My goal is to create a state appeal ranking by referencing home price statistics compared to travel forum sentiment. A key assumption here is that sentiment of travelers is likely to overlap with sentiment of residents.
FHFA
Home Price Index data from the Federal Housing Finance Agency https://www.fhfa.gov/DataTools/Downloads/Pages/House-Price-Index-Datasets.aspx#mpo
fhfa <- read_xls("state_statistics_for_download.xls")
#remove junk headers
fhfa <- fhfa %>%
set_names(fhfa[3,])%>%
slice(-(1:3))
TripAdvisor
Posts from the TripAdvisor forum: Found in discussion threads links, organized state links; found at the below path. https://www.TripAdvisor.com/ListForums-g191-i3-United_States.html
trip_url <- "https://www.tripadvisor.com" trip_usforums_url <-paste0(trip_url,"/ListForums-g191-i3-United_States") trip_usforums_source <- readLines(trip_usforums_url, encoding = "UTF-8")

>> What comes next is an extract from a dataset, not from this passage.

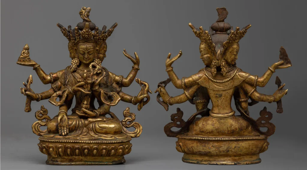Namgyalma’s three faces represent her all-encompassing wisdom and ability to guide beings through diverse circumstances:

Gather all links from trip advisor United States forum main page
trip_usforums_all_links <- getHTMLLinks(trip_usforums_source)

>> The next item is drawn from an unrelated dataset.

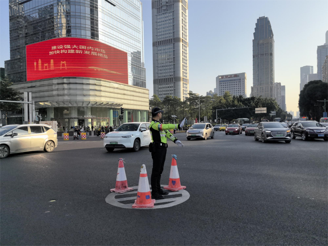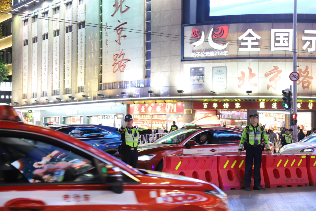 “节前,我们依托智慧交通平台预警,研判出传统商圈、旅游景点周边将面临超常交通压力,提前制定了跨区域支援预案。”交管部门介绍,羊城铁骑作为广州交警的“机动棋”,元旦期间日均投入警力200余名,分批次、有重点地部署至交通压力突出区域,实现警力资源的精准投放与高效调度。

Identify links for the state specific forums
#Using "ShowForum" keyword to identify state bucket links trip_usforums_state_links <- str_subset(trip_usforums_all_links, "ShowForum")
Create function for gathering discussion topic links
getlinks <- function(root, ext, keyword) {
links <- paste0(root,ext)%>%
readLines()%>%
getHTMLLinks()%>%
str_subset(keyword)
return(links)
}
Loop through the state forums to pull the discussion topic links
topic_keyword <- "ShowTopic"
trip_discussion_links <- data_frame()
for(i in 1:length(trip_usforums_state_links)){
topic_links <- getlinks(trip_url,trip_usforums_state_links[i],topic_keyword)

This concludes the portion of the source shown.